According to research from the CVS Health Research Institute and our research partners, predictive analytics is bringing us closer to this reality. In a recent study published in Medical Care, the researchers compared predictive cost-modeling strategies to understand which approach can best classify and predict future high health care spenders. Study findings showed that group-based trajectory modeling – a method that uses health insurance claims data to classify patients based on patterns of health spending across several measures including inpatient, pharmacy and outpatient costs – had better predictive accuracy compared to the more conventional approach that defines high-cost health care users as those in the top 5th percentile of overall spending.
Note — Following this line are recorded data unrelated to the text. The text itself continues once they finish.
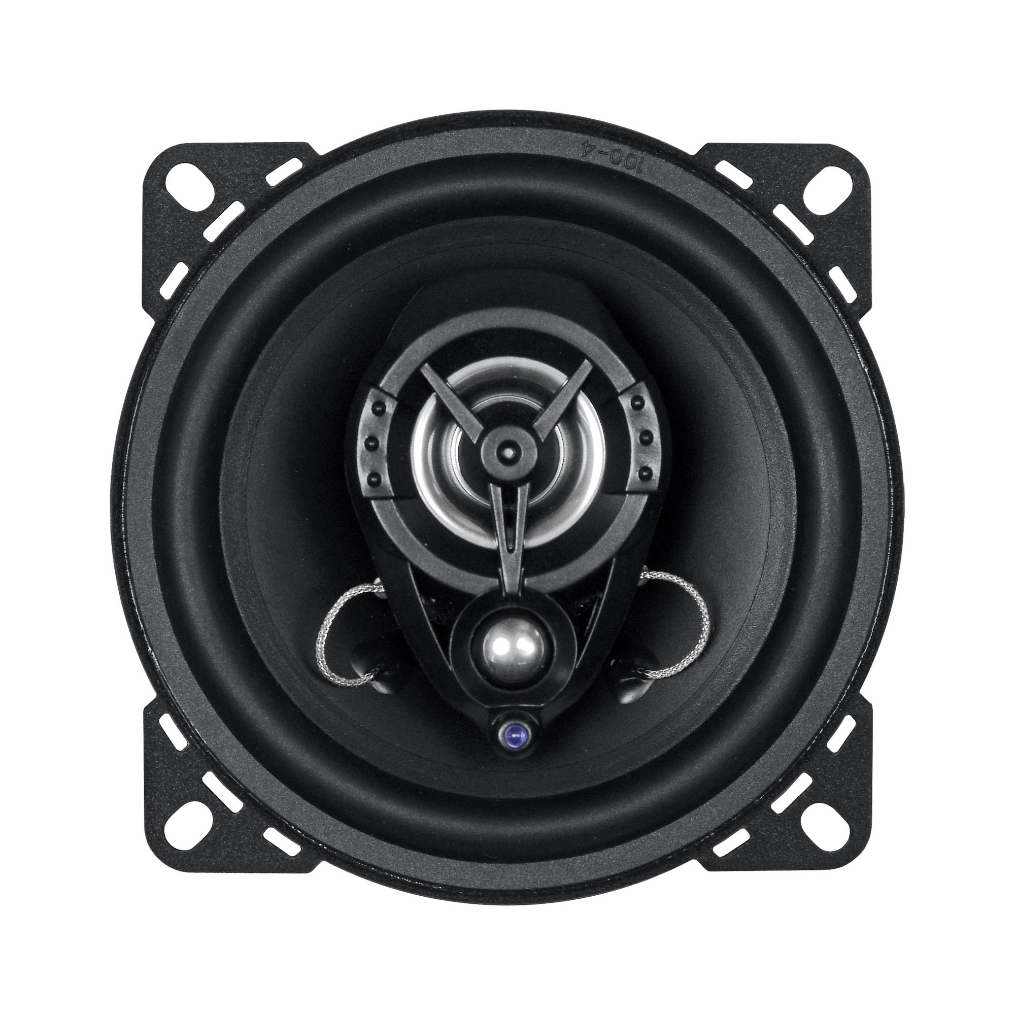 | Тип на високоговорителитеКоаксиални високоговорители: Коаксиалните високоговорители се характеризират с конструкция, наречена всичко в едно. Високочестотният и среднобасовият говорител са в един и същ кош. Предимството е по-лесен монтаж, но поради свързването или близостта на честотните диапазони в един говорител обикновено се понижава качеството на звука. Обикновено в центъра на среднобасовия говорител се намира високочестотният говорител, чиито звукова бобина работи във втората въздушна междина на общия магнитен кръг. Коаксиален говорител с три честотни диапазона се състои от среднобасов говорител, отпред на специален носач е поставен средночестотният говорител и отделен високочестотен. Компонентни високоговорители: Компонентните високоговорители се отличават с разделянето на отделни честотни диапазони: високочестотен + среднобасов + евентуално басов диапазон. Отделните говорители могат да бъдат разположени напълно отделно, което води до по-добро звуково и акустично представяне. В огромното мнозинство от случаите при компонентните високоговорители се доставя и външна кросоувърна мрежа, която разделя високите, средните/среднобасовите и при системи с три честотни диапазона и басовите честоти, както и позволява настройване на нивото в децибели на високочестотния говорител (напр. +2 dB, 0 dB, -2 dB), стръмността (напр. 6 dB/октава, 12 dB/октава) или активно/bi-amp свързване. | Коаксиални 3-пътни |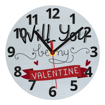 Will you be my Valentine???, Ρολόι τοίχου γυάλινο (20cm)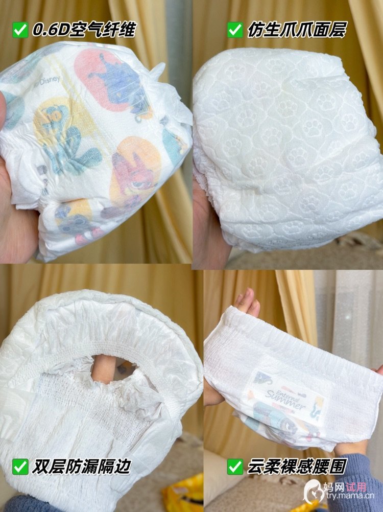 ✨5D仿生爪爪面层,软到像树懒的绒毛拥抱慢回弹纤维模拟软垫缓冲,小屁屁被稳稳托住,内置反渗透黑科技加速导流,减少尿液残留,加上5D爪印形成的透气通道,夏天也能告别红屁屁!🧊0.1cm超薄芯体,轻得像兔子的脚步告别厚重臃肿,宝宝翻滚爬走都自在,完全没有束缚感,轻薄到几乎隐形,夏天穿小裙子、短裤都不鼓包。🐆0.6D空气纤维,软到让人想rua纤细度只有发丝的1/10,丝滑软乎乎的触感,亲肤度直接拉满,宝宝娇嫩的肌肤完全不会被摩擦泛红。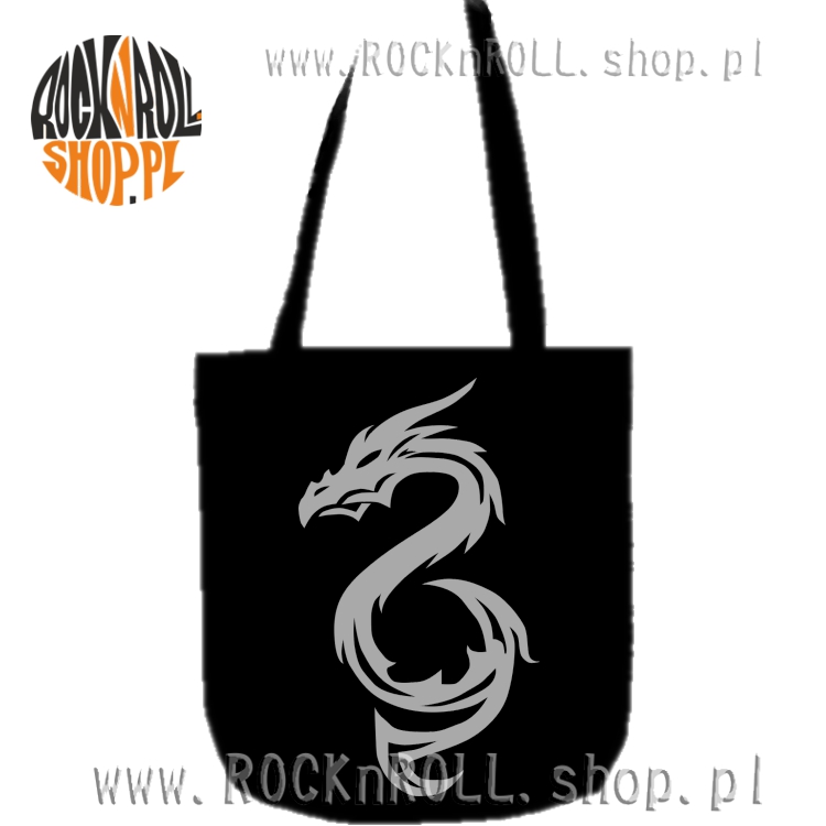 Czarna wygodna i praktyczna torba ekologiczna z grafiką smoka. Prosty, lecz wyraźny i bardzo fajny wzór.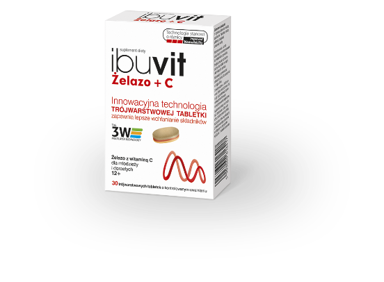 Ibuvit Żelazo + C dzięki technologii 3W MULTILAYER trójwarstowej tabletki zapewnia stopniowe i trójfazowe uwalnianie składników w różnym czasie i w różnych odcinkach przewodu pokarmowego dla optymalizacji wchłaniania składników.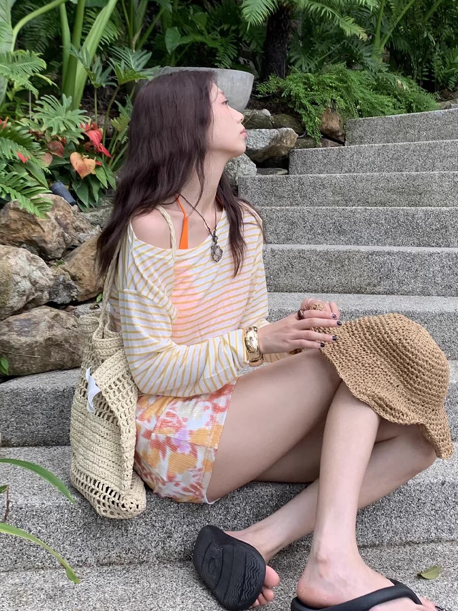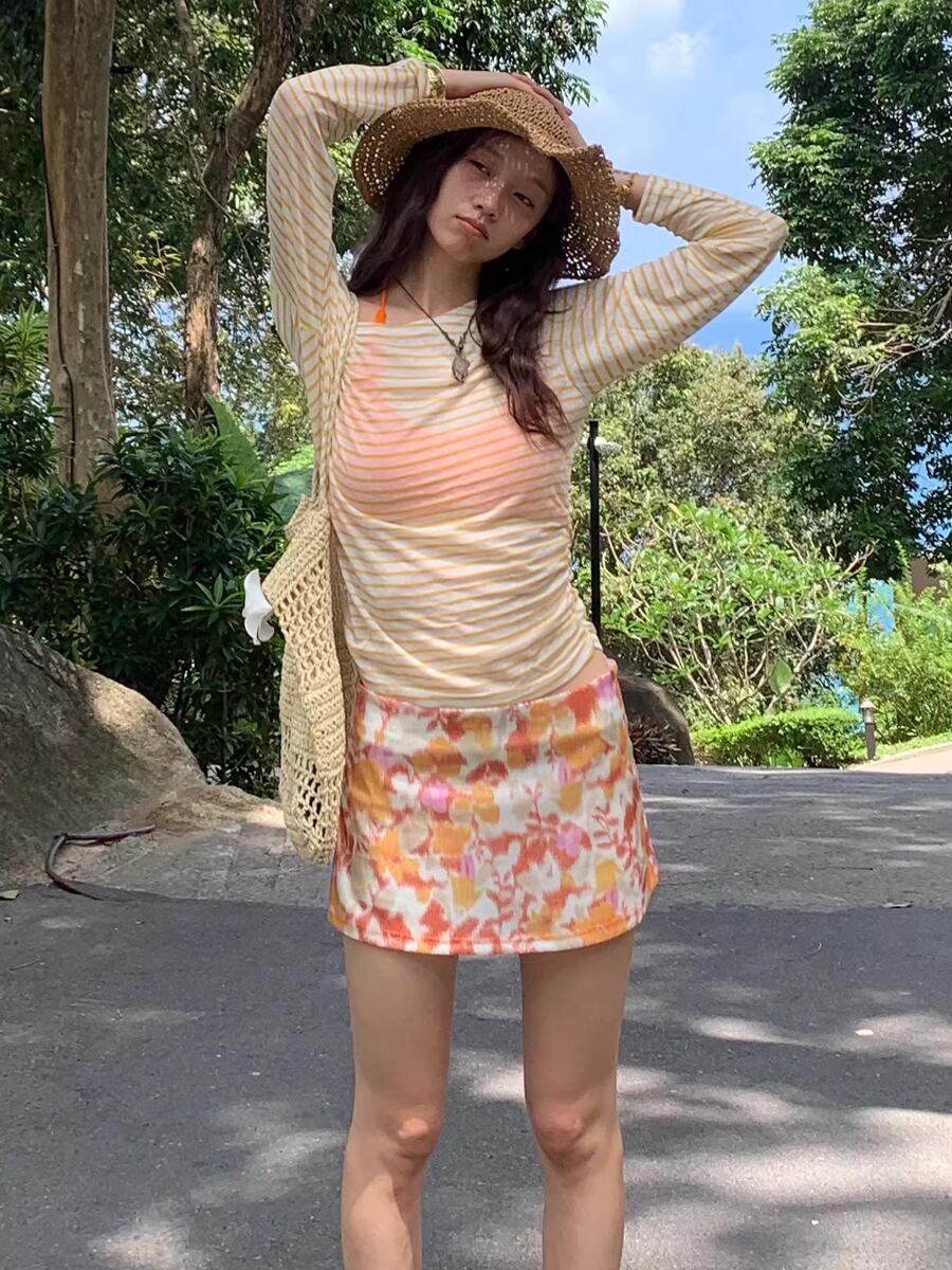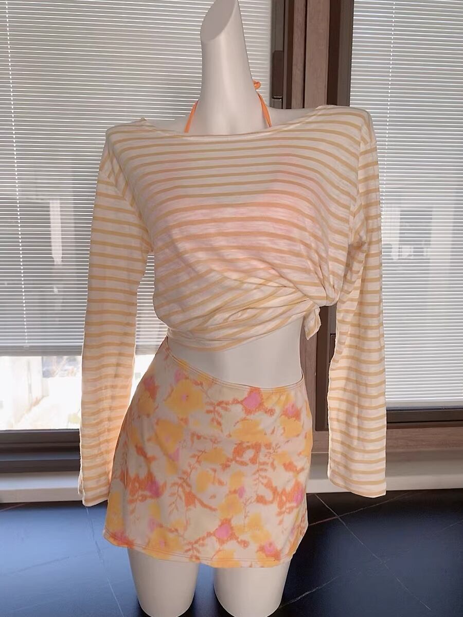 4点セット オレンジカラービキニ上下+オーバートップス+ミニスカート 花柄 フラワープリント ボーダー ホルターネック スポーティビキニ ビキニ ベーシックビキニ ガーリーフェミニン かわいい 日焼け防止 体型カバー パッド付き ワイヤーなし ノンワイヤー オーバーサイズTシャツ ミニスカ かわいい 大人可愛い きれいめ セクシー sexy 華やか おしゃれ スタイリッシュ 美脚 脚長 韓国コーデ 韓国ファション オレンジ イエロー 黄色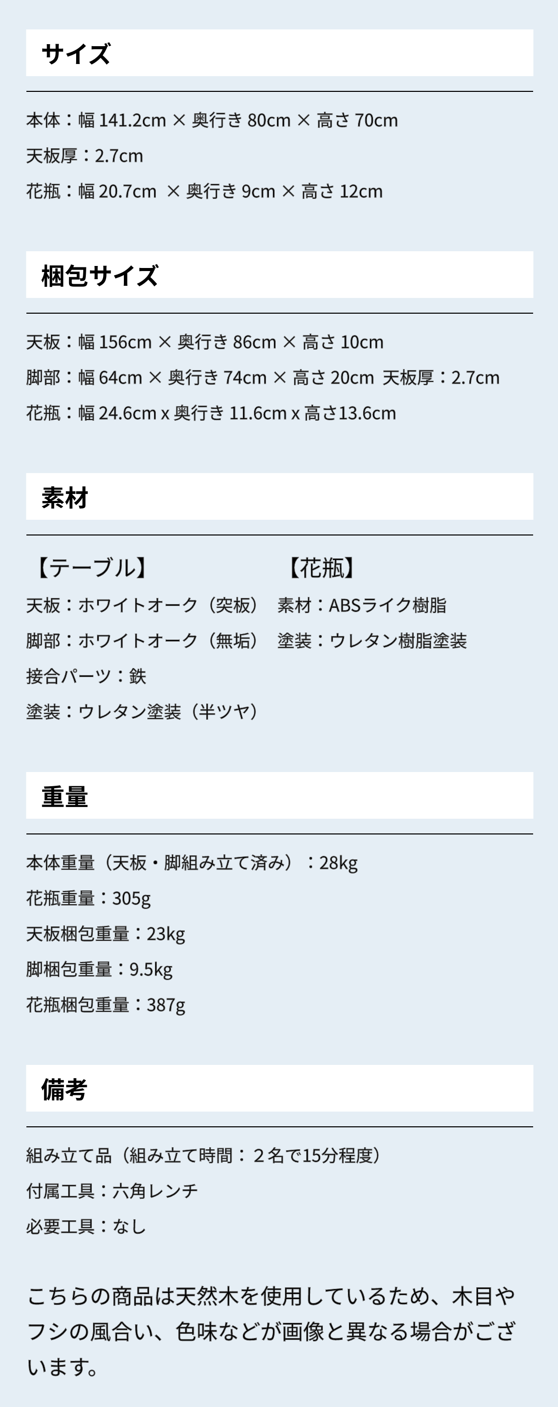 A:安全性を考慮し、天板と脚部と花瓶の3つに分けて梱包する予定です。天板はどうしても重量があるため2名での受け取りを推奨しています。到着後、天板と脚部を開封し組み立てをお願い致します。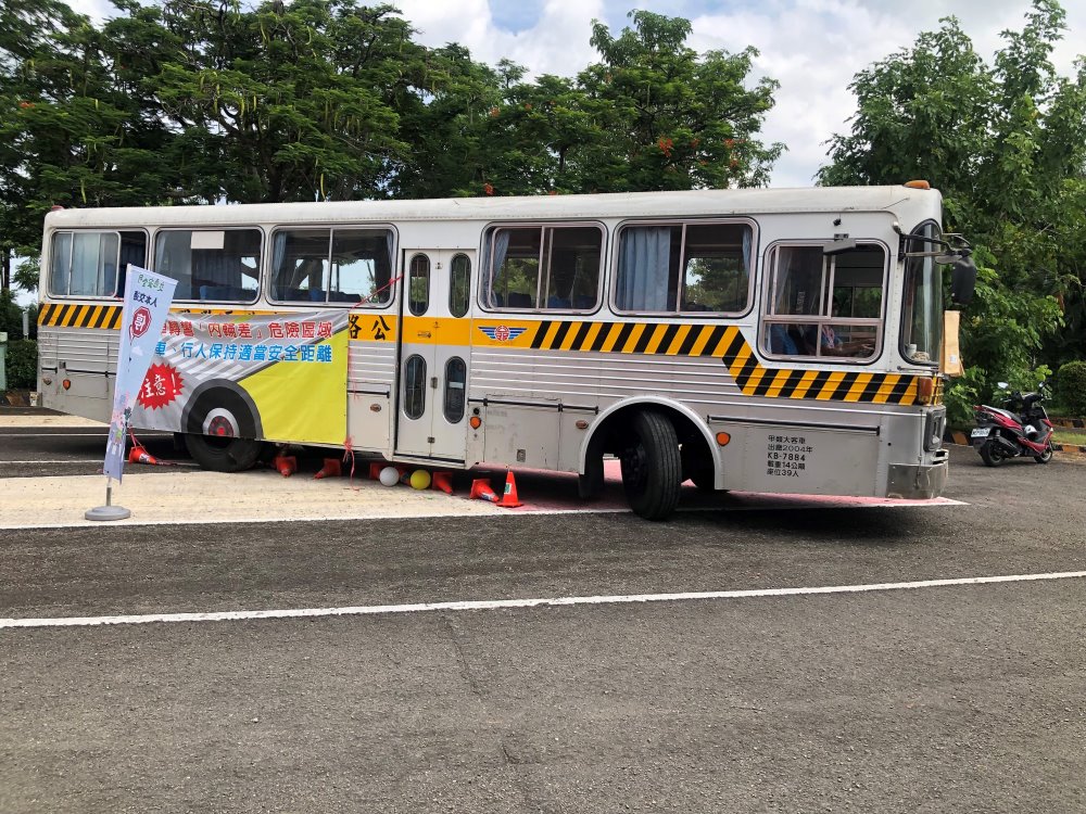 前進、過彎打方向燈(手勢)、轉向測試等關卡,從中導正錯誤及偏差之駕駛行為。再來進行大型車視野死角與內輪差實際體驗分享,加深對大型車視野死角與內輪差潛在的危險認知,並讓同學們分別登上駕駛座體驗,從不同角度去觀察大型車視野盲點區域,同學紛紛大聲驚呼「真的很大、看不到」,另外現場放置氣球及交通錐,模擬行人及機車,實際體驗緊臨大型車因內輪差可能衍生後果,只見車輪輾過氣球爆破聲頻傳,場面超嚇人。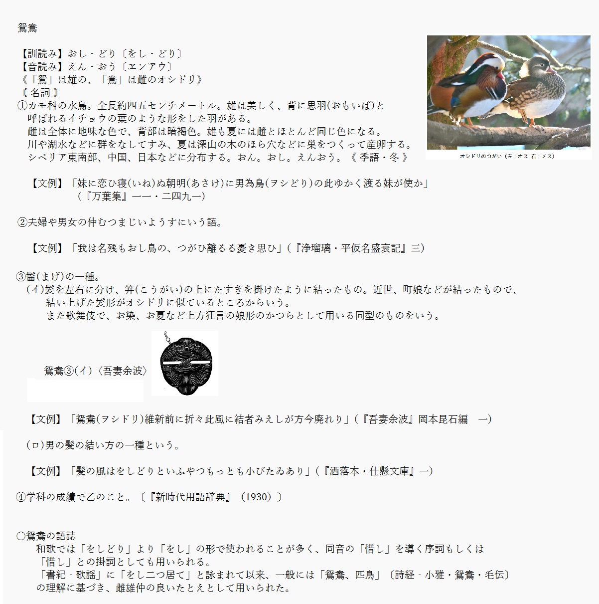 鴛鴦 | 仲睦まじい夫婦のこと | 解説 |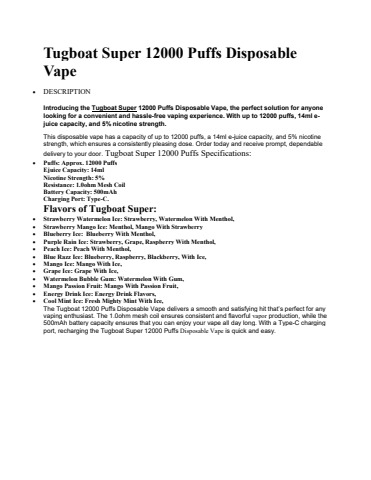Tugboat Super 12000 Puffs Disposable Vape

The findings also showed that group-based trajectory modeling allowed for greater precision in understanding future potential health care costs. The researchers concluded that understanding the nuances in patients’ spending patterns helps to more accurately predict long-term costs and pinpoint who could most benefit from certain medical and pharmacy interventions.
At CVS Health, we are using predictive analytics to help shape patient care for all those we serve and are working to develop innovative strategies that tackle rising health care costs.
“This research is an important step in helping to better understand and validate group-based trajectory modeling, which will ultimately help us more effectively optimize health care interventions, improve patient outcomes and produce cost-savings for patients, payers and ultimately the entire health care system, ” said study author Troyen A. Brennan, MD, Chief Medical Officer of CVS Health.